OJ maker sues Trump over Brazil tariffs saying his plan could drive up consumer costs by 25%
Johanna Foods warns that Trump's blanket levy, due to take effect on August 1, could result in a $70 million hit to its business, leading to likely layoffs and a 25 percent increase in the price of orange juice on supermarket shelves.
The company said that it and its subsidiary, Johanna Beverage Company, supply nearly three-quarters of private-label, not-from-concentrate orange juice consumed in the United States.
They supply a number of major mass grocery retailers, including Aldi, Walmart, Sam's Club, Wegman's, Safeway, and Albertsons.
Trump's tariff would represent a particular blow because, by the Department of Agriculture's own estimate, Brazil supplies more than half of the orange juice on shelves in American stores, and 80 percent of the global total.
White House spokesperson Kush Desai told The Independent: 'The administration is legally and fairly using tariff powers that have been granted to the executive branch by the Constitution and Congress to level the playing field for American workers and safeguard our national security.'
Johanna argues in its lawsuit that Trump's threat against Brazil, revealed in a letter sent to the country's president Luiz Inacio Lula da Silva on July 9, was not a formal executive order and did not provide any legal basis for the action.
The president followed up his letter by alleging on Truth Social that President Lula had engaged in a 'Witch Hunt that should end IMMEDIATELY!' after charges were brought against his right-wing predecessor, Jair Bolsonaro, a friend of the American who has been nicknamed the 'Trump of the Tropics' and who has been accused of plotting a coup.
Lula responded angrily on X with a vow to reciprocate with tariffs of his own on American imports, writing: 'Brazil is a sovereign nation with independent institutions and will not accept any form of tutelage.

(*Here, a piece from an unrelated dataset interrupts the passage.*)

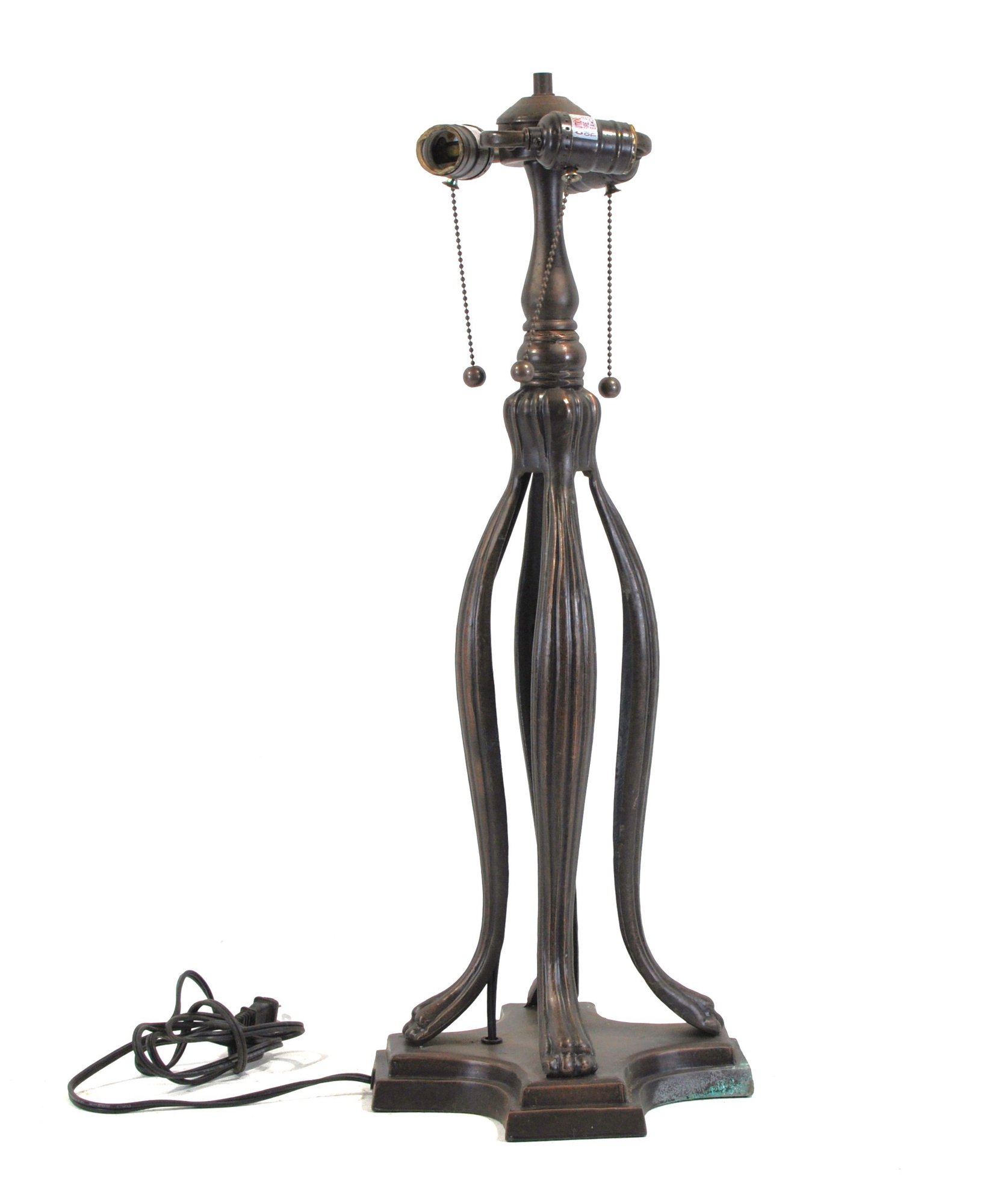 Elegant vintage bronze-finished table lamp base featuring four stylized clawed legs on a cross-form plinth.

'Any measure to increase tariffs unilaterally will be responded to in light of Brazil's Law of Economic Reciprocity.'
Trump's economic adviser, Kevin Hassett,struggled to explain the tariffs in an interview with Jonathan Karl on ABC News earlier this month, saying: 'The bottom line is the president has been very frustrated with negotiations with Brazil and also with the actions of Brazil. In the end, though, you know, we're trying to put America first.'
Karl argued that the Bolsonaro case before the Brazilian Supreme Court was irrelevant to the U.S. national interest and left the adviser floundering by asking: 'On what authority does the president have to impose tariffs on a country because he doesn't like what that country's judicial system is handling a specific case?'
Even before the tariffs have been enacted, Trump's threats have had an adverse impact on the South American nation's citrus belt, where orange prices have already dropped to $8 a box, about half of what they were in July 2024, according to the University of Sao Paulo's Cepea index.
'You are not going to spend money to harvest and not have anyone to sell to,' dismayed Minas Gerais farmer Fabricio Vidal told Reuters.